The angry voice, that of the man who had come in the car, was barking: “How long does this keep up, Blaine? You gimme that same run-around each time! You think all I gotta do is come out here? Look at this house you live in! Look at the front you put up! You mean you haven’t got that much, a guy like you?”
And Gil’s voice, whining plaintively: “I tell you I haven’t got it this minute! What am I going to do, take it out of my blood? You’re going to get it; just give me time.”
The angry voice rose to a roar, but at least it shifted toward the front door. “I’m warning you for the last time, you better get it and no more of this funny business! My boss has been mighty patient with you! There are other ways of handling welshers, and don’t forget it!”
The door slammed and the car outside racketed up and dwindled off in the distance.
Jackie Blaine crept down the stairs a step at a time toward where Gil was shakily pouring himself a drink. Her face was white, as white as his had been that noon when they first got up. But not because of what she had just heard. Still because of its implication.
“Who was it?” she said hoarsely.
“Verona’s stooge. Still that same lousy personal loan he once made me.”
“How much is it?”
“Six hundred odd.”
She knew all these things; she wanted to hear it from him. She spoke in a frightened whisper: “Then why didn’t you give it to him? You have twenty-five hundred on you.”
He went ahead with his drink.
“Why? Gil, look at me. Why?”
He wouldn’t answer.
She reeled over to him, like someone about to pass out; her head fell against his chest. “D’you love me?”
“That’s the one thing in my life that’s on the level.”
“Then you’ve got to tell me. I’ve got to know. Did you do anything to him last night?”
She buried her face against him, waiting. Silence.
“I can take it. I’ll stick with you. I’ll string along. But I’ve got to know, one way or the other.” She looked up. She began to shake him despairingly by the shoulders. “Gil, why don’t you answer me? Don’t stand there—That’s why you didn’t pay Verona’s debt, isn’t it? Because you’re afraid to have it known now that you have money on you—after he was here.”
“Yes, I am afraid,” he breathed almost inaudibly.
“Then you—” She sagged against him; he had to catch her under the arms or she would have gone down.

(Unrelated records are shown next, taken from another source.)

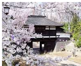
「小諸・懐古園コース」
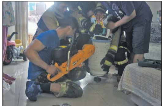
救援人员正在破拆洗衣机滚筒。

小男孩的家人称,孩子在家里玩,谁也没想到会发生这样的事。今后一定看好孩子,这回可把孩子和家人吓坏了。
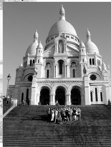
A Sacré-Coeur lépcsőin

3. Nap: Disneyland. Amikor odaértünk esni kezdett, és úgy tűnt, hogy ez így is marad. Szerencsére kegyes volt hozzánk az ég, és mire a vadnyu-
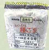
駒菌 1袋(800個入) およそ原木24本分
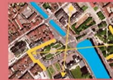
Le lieu est un territoire
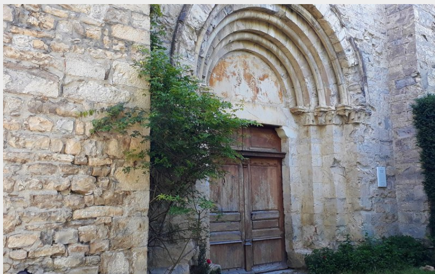
Notre Dame de Calma (CCSB)
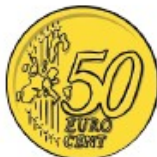
50¢ Fifty cents
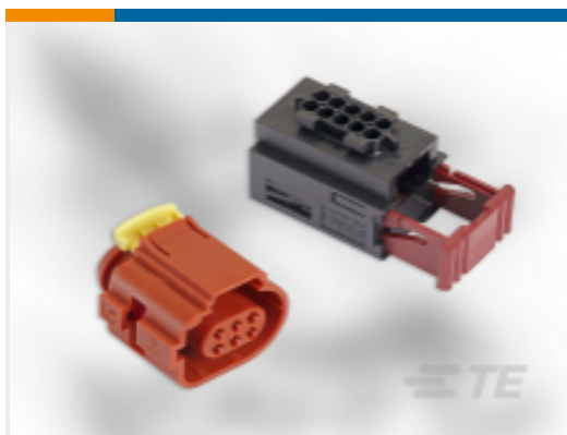
TE 产品编号936780-2 Timer Connector Housing
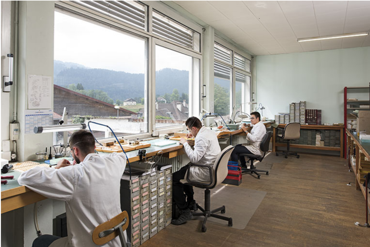
Atelier de fabrication, avec horlogers à l'établi.
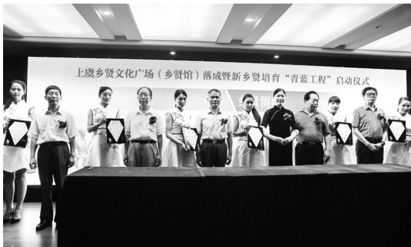
▲上虞乡贤文化广场（乡贤馆）落成暨新乡贤培育“青蓝工程”启动仪式

1. 新乡贤的构成。“乡贤”从定义上看，是“生于其地，而德业学行著于世者”，是本乡本土有德行、有才能、有声望而被当地民众深受尊重的贤人。地域性、知名度、道德观是构成“乡贤”的三个基本要素。传统的乡贤主要是士绅阶层，也就是在乡村德高望重的人。而新乡贤则在范围上进一步扩展，有专家
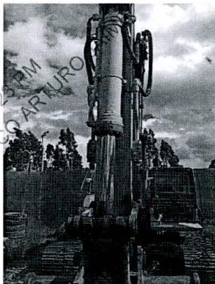
Cilindro hidráulico vástago quiñado del brazo

"Decenio de la Igualdad de Oportunidades para mujeres y hombres" "Año del Bicentenario de la consolidación de nuestra independencia y de la conmemoración de las heroicas batallas de Junín y Ayacucho"
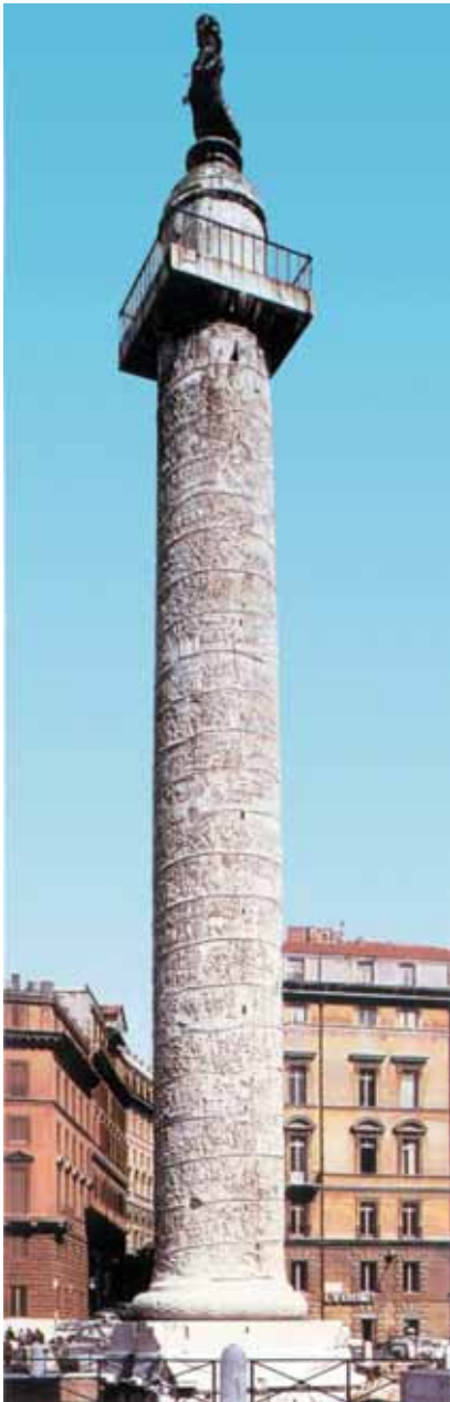
OBRA 2. Columna Trajana.
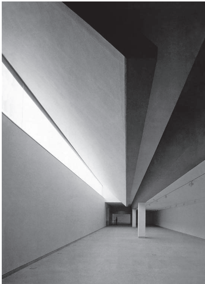
J. N. Baldeweg, Museo di Altamira e Centro di ricerca , Santillana del Mar, 2000. Illustrazione dal volume Between Sense of Time and Sense of Place. Designing heritage tourism .
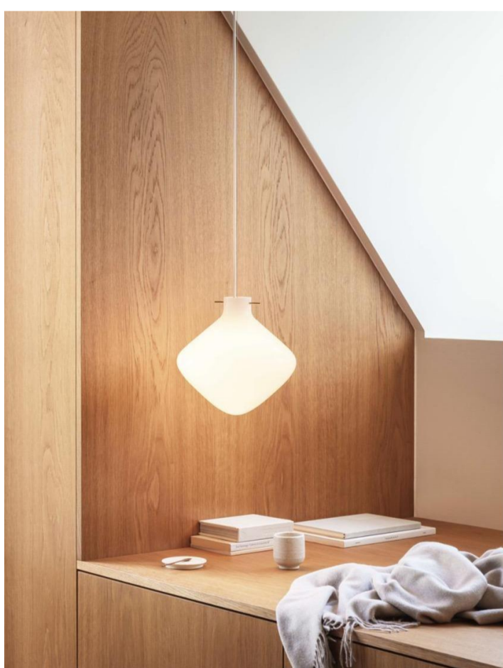
REPOSE 260 BRASS
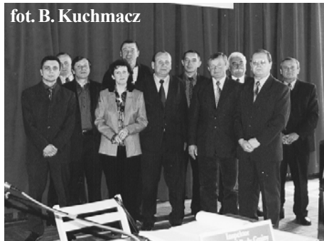
Radni na XX sesji

7.06.2004 r. wydatkowanie dotacji z krajowego systemu ratownictwa gaśniczego na działalność jednostek OSP w Różyńcu i Gromadce. Członkowie Komisji mieli wgląd do dokumentacji, tj. faktur na zakup sprzętu oraz księgi inwentarzowej Gromadki. Po wysłuchaniu informacji prezesów jednostek w sprawie pozyskania i wydatkowania środków w 2003 roku Komisja stwierdziła, że środki finansowe są przeznaczane wyłącznie na działalność statutową. Ponadto wniosowała o ubezpieczenie remiz strażackich przed kradzieżą, w związku z włamaniem do obiektu w Różyńcu.
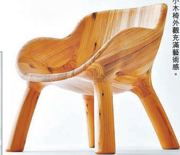
■ 小木椅外觀充滿藝術感。
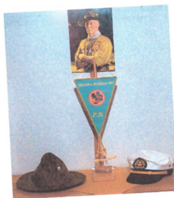
PF 2013 Slezská družina SC
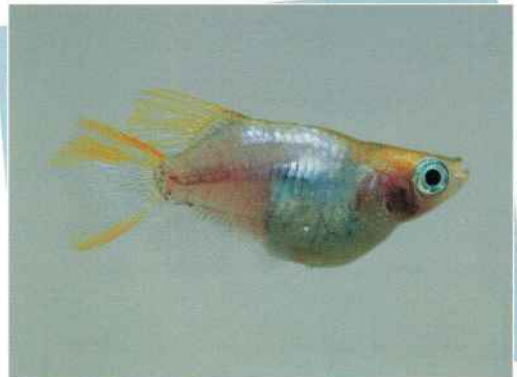
透明鱗ホタルダルマ ¥4,000

“No, wait. Pull yourself together a minute. Here, swallow this. Now . . . steady, hold onto the table. Yes, I did do something. I know what you’re thinking. No, not that. It’s bad enough, though. I’m worried. Stick with me, Jackie. I don’t want to get in trouble. I met him coming out of the house Saturday, wanting to cash that pin-money check, and I drove him in, like I told you. The bank was closed for the half day, of course, and I suggested getting it cashed at the hotel. I told him they knew me and I could get it done easier than he could, so I took it in for him and he waited outside in the car.